I have a dataframe df1
in which I have different sites (df1$Site
) belonging to different regions (df1$Regions
) in which I have data about evidence of herbivory and its type (df1$Herbivory_type
). When there is no herbivory then, df1$Herbivory_type
is NA
. Below I show an example of my dataframe:
df1 <- data.frame(Region=c("ALI1","ALI1","ALI1","ALI1","ALI2","ALI2","ALI2","ALI3","ALI3","ALI3","ALI3","ALI5","ALI5"),
Site=c("ALI1_A","ALI1_B","ALI1_C","ALI1_D","ALI2_A","ALI2_B","ALI2_C","ALI3_A","ALI3_B","ALI3_C","ALI3_D","ALI5_A","ALI5_B"),
Herbivory_type=c(NA,"S",NA,NA,NA,NA,NA,NA,"S","S",NA,NA,"S"))

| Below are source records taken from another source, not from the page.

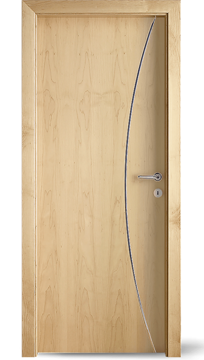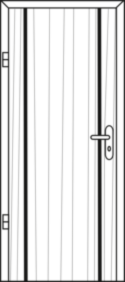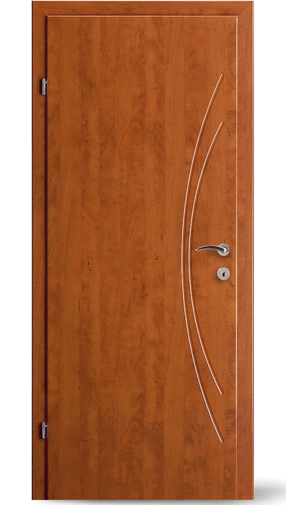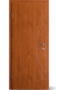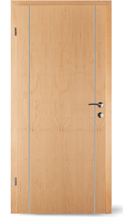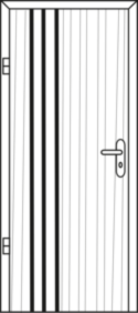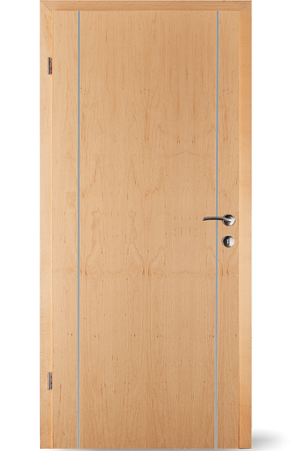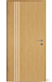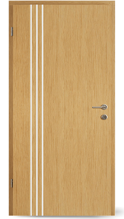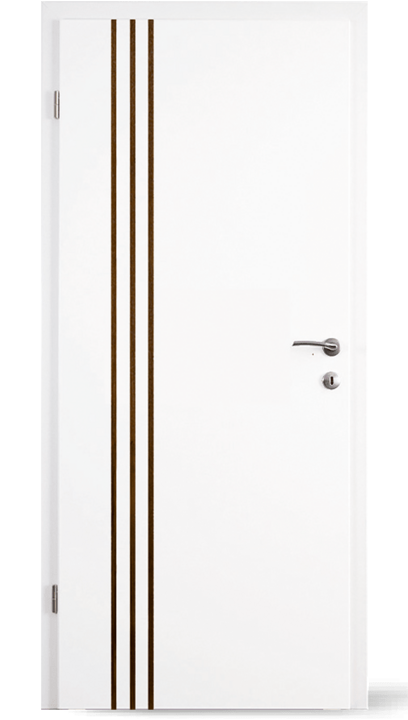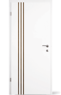 Vertikálně dýhované dveře se třemi liniemi. Drážky standardní řady jsou vyhotoveny v chromu, volitelně také v ořechu nebo dubu nebo jako Iolith R s drážkou.
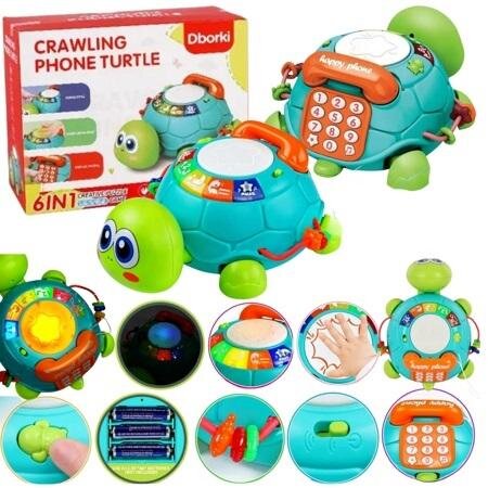 Żółw z telefonem to wielofunkcyjna zabawka. Wszystkie funkcje są dostosowane do wczesnego etapu rozwoju dziecka. Mały żółw pomoże dziecku rozwinąć swoje pierwsze umiejętności i zapewni mnóstwo dobrej zabawy.Na skorupie żółwia znajduje się telefon analogowy. Taki telefon jest świetnym sposobem na...
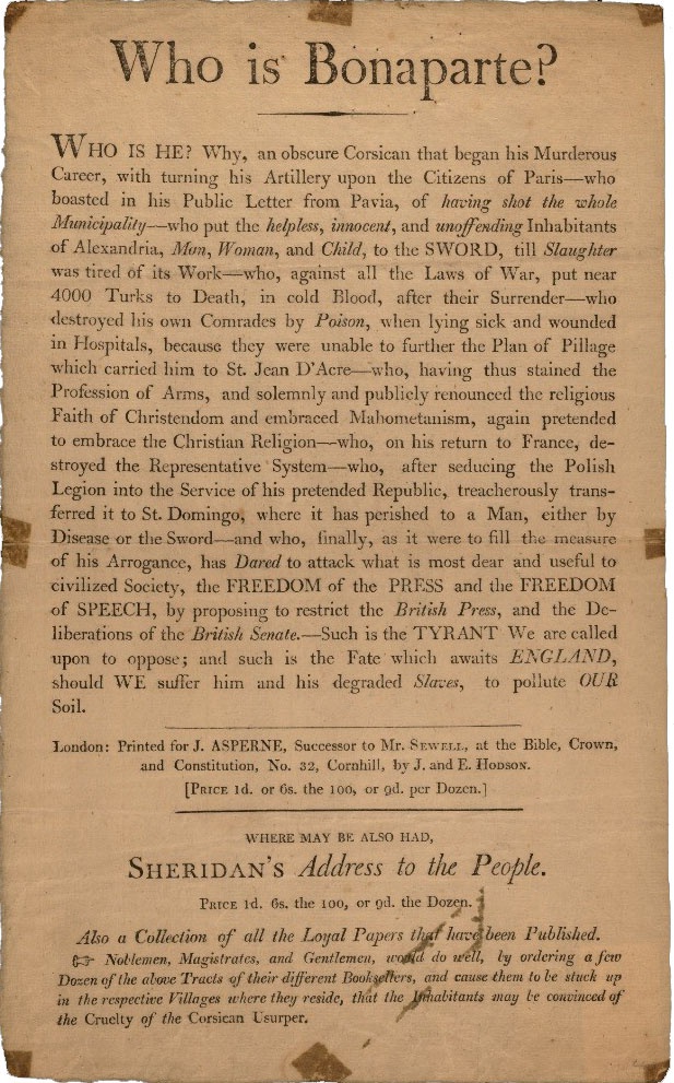 (A footnote exhorts « Noblemen, Magistrates and Gentlemen » to order several dozen copies of the poster from their local bookseller and to have them posted in the villages where they live so as to inform the people of “the cruelty of the Corsican Usurper”.)
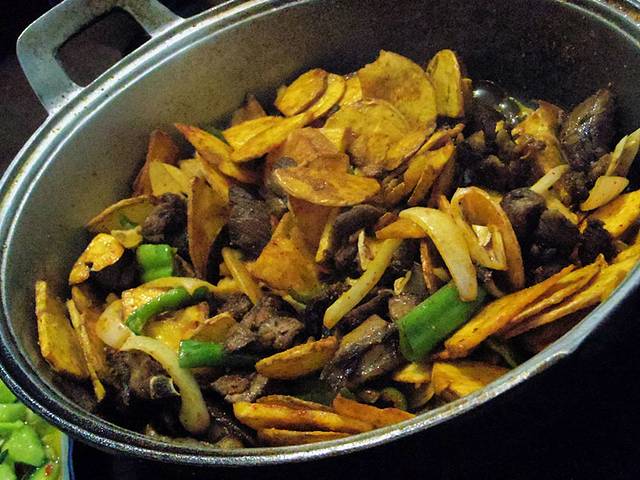 到了七点多于爸来喊咱们吃晚饭去~于是在当地找了一家炕锅羊肉开始了大口吃肉小口喝酒的最后的晚餐TAT
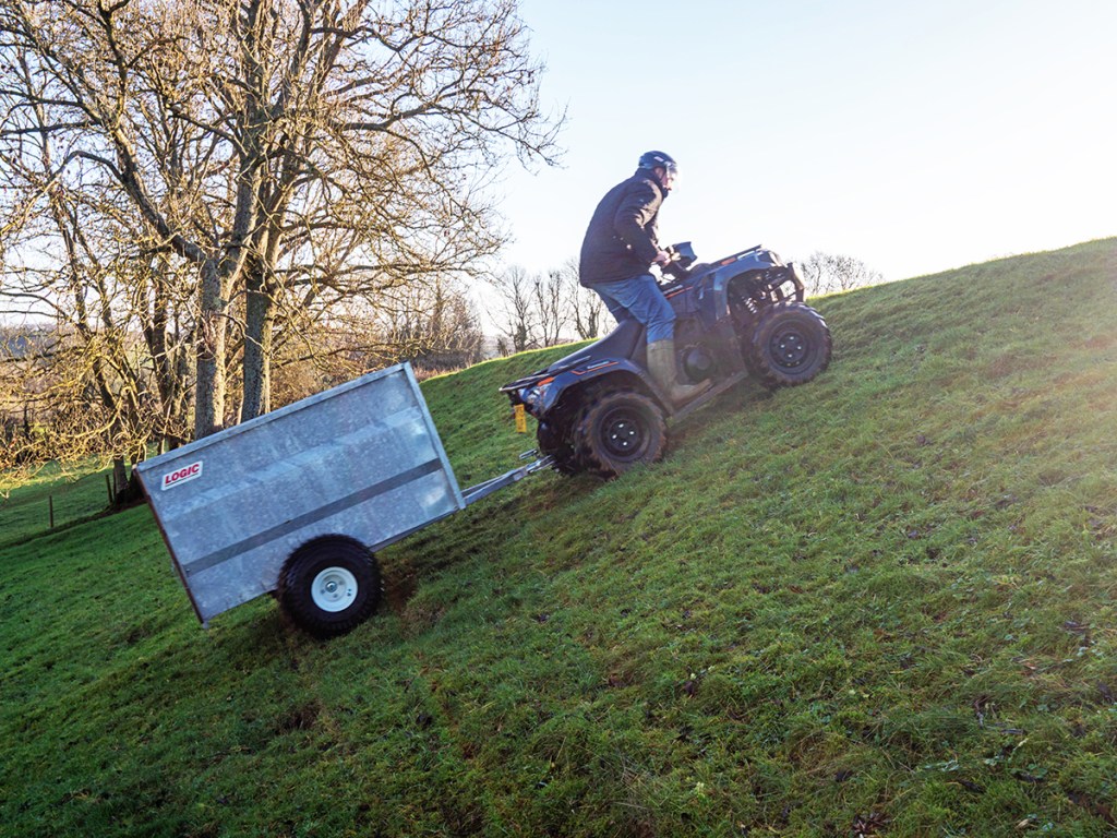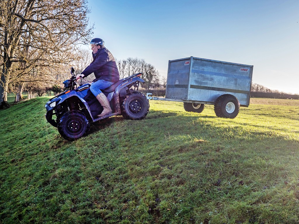 If you are fortunate enough to have a choice, you will no doubt favour a basic UTV with roof and screen for stock checks in filthy weather. But an ATV retains its appeal as a motorised pair of legs, a light footprint and speedy agility proving well-suited to general livestock duties. Add a trailer, and the utility of an ATV increases hugely, the more so with a livestock trailer with a tailgate for easy loading. During its time with us, the 450 proved a nippy runabout, the Logic stock trailer we borrowed for the test adding easy load utility. This pairing made a useful combination.

df1$Herbivory_type <- as.factor(df1$Herbivory_type)
df1
Region Site Herbivory_type
1 ALI1 ALI1_A <NA>
2 ALI1 ALI1_B S
3 ALI1 ALI1_C <NA>
4 ALI1 ALI1_D <NA>
5 ALI2 ALI2_A <NA>
6 ALI2 ALI2_B <NA>
7 ALI2 ALI2_C <NA>
8 ALI3 ALI3_A <NA>
9 ALI3 ALI3_B S
10 ALI3 ALI3_C S
11 ALI3 ALI3_D <NA>
12 ALI5 ALI5_A <NA>
13 ALI5 ALI5_B S
I need to know the number of episodes of herbivorism by Region considering NA
in the counting in df1$Site
. I would expect this result:
df2
Region N_Hervivory_S
1 ALI1 1
2 ALI2 0 # All sites have `NA`, thus, herbivorims is 0 in this region.
3 ALI3 2
4 ALI5 1
I tried this:
as.data.frame(df1 %>% group_by(Region,Herbivory_type) %>% summarise(N = n()))

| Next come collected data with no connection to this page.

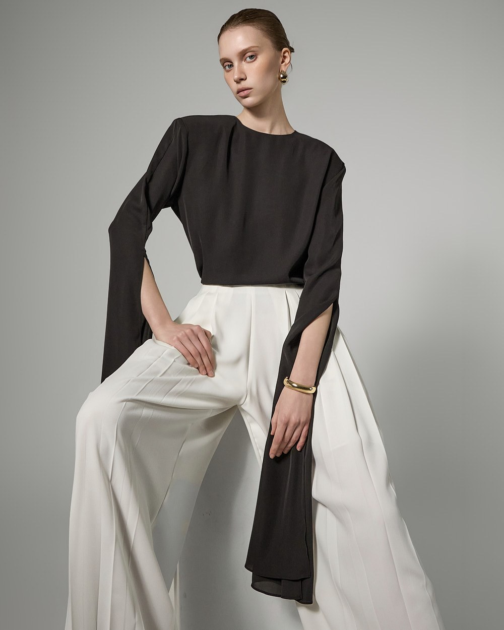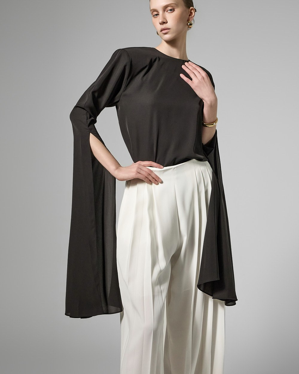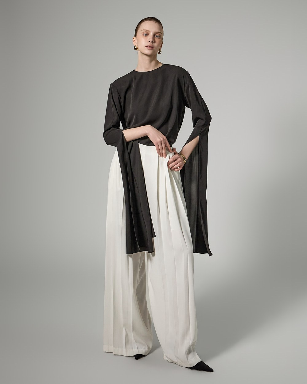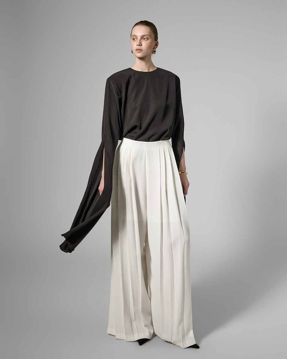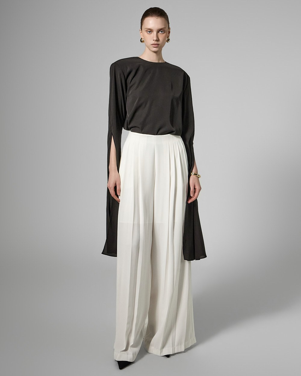 와이드핏의 플리츠 실루엣으로
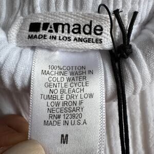 Details: White LA MADE “Cali Chill” wide leg pants in lightweight gauze cotton. Flowy, relaxed drape. Slightly sheer in certain light. High-waist, easy pull-on style with elastic waistband. Perfect for coastal days, resortwear, travel, lounging, or casual everyday wear. Timeless, effortless, breathable, and comfortable. Made in Los Angeles.
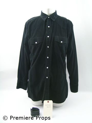 Yesterday she was a witness. Today she's a target. Direct from the set of Killshot, this is Blackbird's (Mickey Rourke) screen worn black corduroy with round silver and greyish white pearl snaps "White Horse" long sleeve button up shirt (size L), grey cotton "Stanfield's" long sleeve crew neck thermal shirt (size L), and black leather cuff bracelet. Includes digial copy of the wardrobe tag.

But the output is not what I desire
Region Herbivory_type N
1 ALI1 S 1
2 ALI1 <NA> 3
3 ALI2 <NA> 3
4 ALI3 S 2
5 ALI3 <NA> 2
6 ALI5 S 1
7 ALI5 <NA> 1
Does anyone know how to do it?
Thanks in advance
CodePudding user response:
You can use count()
to sum up !is.na(Herbivory_type)
by group, and get the number of non-missing values for each region.
library(dplyr)
df1 %>%
count(Region, wt = !is.na(Herbivory_type))
# # A tibble: 4 × 2
# Region res
# <chr> <int>
# 1 ALI1 1
# 2 ALI2 0
# 3 ALI3 2
# 4 ALI5 1
CodePudding user response:
library(dplyr)
df1 %>%
group_by(Region) %>%
summarise(n_Herbivory_S = sum(Herbivory_type %in% c("S")))
(assuming there may be other categories to ignore in the real dataset - otherwise !is.na()
is simpler)
CodePudding user response:
You can count non-NAs, i.e.
library(dplyr)
df1 %>%
group_by(Region) %>%
summarise(res = sum(!is.na(Herbivory_type)))
# A tibble: 4 × 2
Region res
<chr> <int>
1 ALI1 1
2 ALI2 0
3 ALI3 2
4 ALI5 1